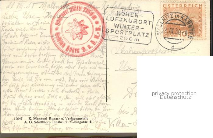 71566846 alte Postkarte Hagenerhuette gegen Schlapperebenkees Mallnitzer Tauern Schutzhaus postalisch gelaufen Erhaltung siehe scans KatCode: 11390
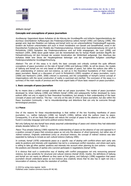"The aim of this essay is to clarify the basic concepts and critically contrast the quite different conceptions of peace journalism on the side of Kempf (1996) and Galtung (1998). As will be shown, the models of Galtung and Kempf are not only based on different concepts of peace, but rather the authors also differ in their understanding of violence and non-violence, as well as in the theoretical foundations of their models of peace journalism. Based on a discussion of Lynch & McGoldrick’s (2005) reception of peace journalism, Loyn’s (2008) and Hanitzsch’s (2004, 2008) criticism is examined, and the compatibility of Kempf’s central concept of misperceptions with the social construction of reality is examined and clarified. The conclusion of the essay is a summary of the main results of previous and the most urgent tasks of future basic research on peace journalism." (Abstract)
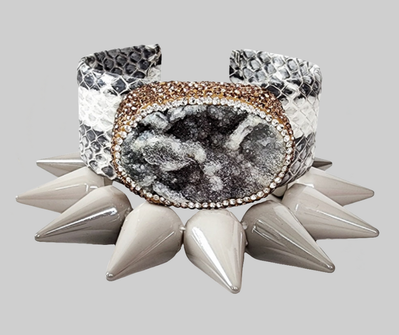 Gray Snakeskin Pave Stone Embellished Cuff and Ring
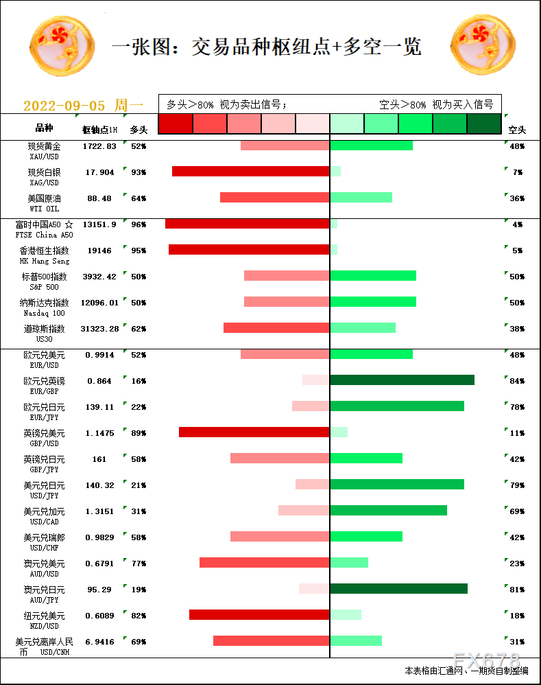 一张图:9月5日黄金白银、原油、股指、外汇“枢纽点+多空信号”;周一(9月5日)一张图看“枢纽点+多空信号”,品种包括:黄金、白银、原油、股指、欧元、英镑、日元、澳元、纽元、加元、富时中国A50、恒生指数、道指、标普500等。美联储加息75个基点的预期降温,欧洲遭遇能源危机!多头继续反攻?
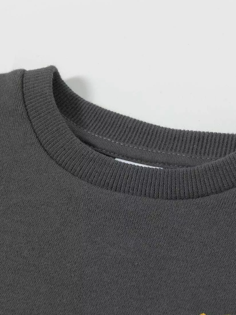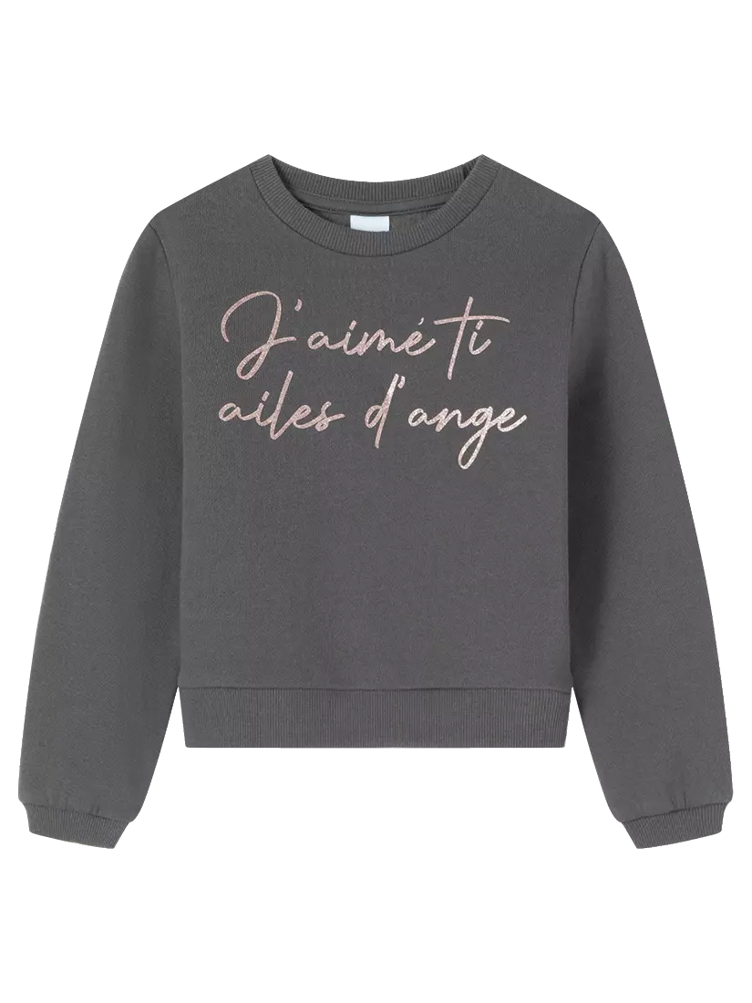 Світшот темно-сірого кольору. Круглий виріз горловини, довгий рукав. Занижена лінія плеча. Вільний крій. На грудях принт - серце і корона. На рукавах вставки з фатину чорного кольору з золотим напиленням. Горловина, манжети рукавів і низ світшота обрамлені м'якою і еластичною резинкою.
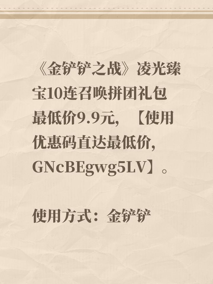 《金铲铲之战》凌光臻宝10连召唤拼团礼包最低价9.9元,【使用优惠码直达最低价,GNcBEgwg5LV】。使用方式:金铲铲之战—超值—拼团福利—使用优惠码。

- - -

■ TO DO
In the copy, omit the pictures and give every line of the data exactly.

■ SOLVED PROBLEM
 71566846 alte Postkarte Hagenerhuette gegen Schlapperebenkees Mallnitzer Tauern Schutzhaus postalisch gelaufen Erhaltung siehe scans KatCode: 11390
"The aim of this essay is to clarify the basic concepts and critically contrast the quite different conceptions of peace journalism on the side of Kempf (1996) and Galtung (1998). As will be shown, the models of Galtung and Kempf are not only based on different concepts of peace, but rather the authors also differ in their understanding of violence and non-violence, as well as in the theoretical foundations of their models of peace journalism. Based on a discussion of Lynch & McGoldrick’s (2005) reception of peace journalism, Loyn’s (2008) and Hanitzsch’s (2004, 2008) criticism is examined, and the compatibility of Kempf’s central concept of misperceptions with the social construction of reality is examined and clarified. The conclusion of the essay is a summary of the main results of previous and the most urgent tasks of future basic research on peace journalism." (Abstract)
 Gray Snakeskin Pave Stone Embellished Cuff and Ring
 一张图:9月5日黄金白银、原油、股指、外汇“枢纽点+多空信号”;周一(9月5日)一张图看“枢纽点+多空信号”,品种包括:黄金、白银、原油、股指、欧元、英镑、日元、澳元、纽元、加元、富时中国A50、恒生指数、道指、标普500等。美联储加息75个基点的预期降温,欧洲遭遇能源危机!多头继续反攻?
 Світшот темно-сірого кольору. Круглий виріз горловини, довгий рукав. Занижена лінія плеча. Вільний крій. На грудях принт - серце і корона. На рукавах вставки з фатину чорного кольору з золотим напиленням. Горловина, манжети рукавів і низ світшота обрамлені м'якою і еластичною резинкою.
 《金铲铲之战》凌光臻宝10连召唤拼团礼包最低价9.9元,【使用优惠码直达最低价,GNcBEgwg5LV】。使用方式:金铲铲之战—超值—拼团福利—使用优惠码。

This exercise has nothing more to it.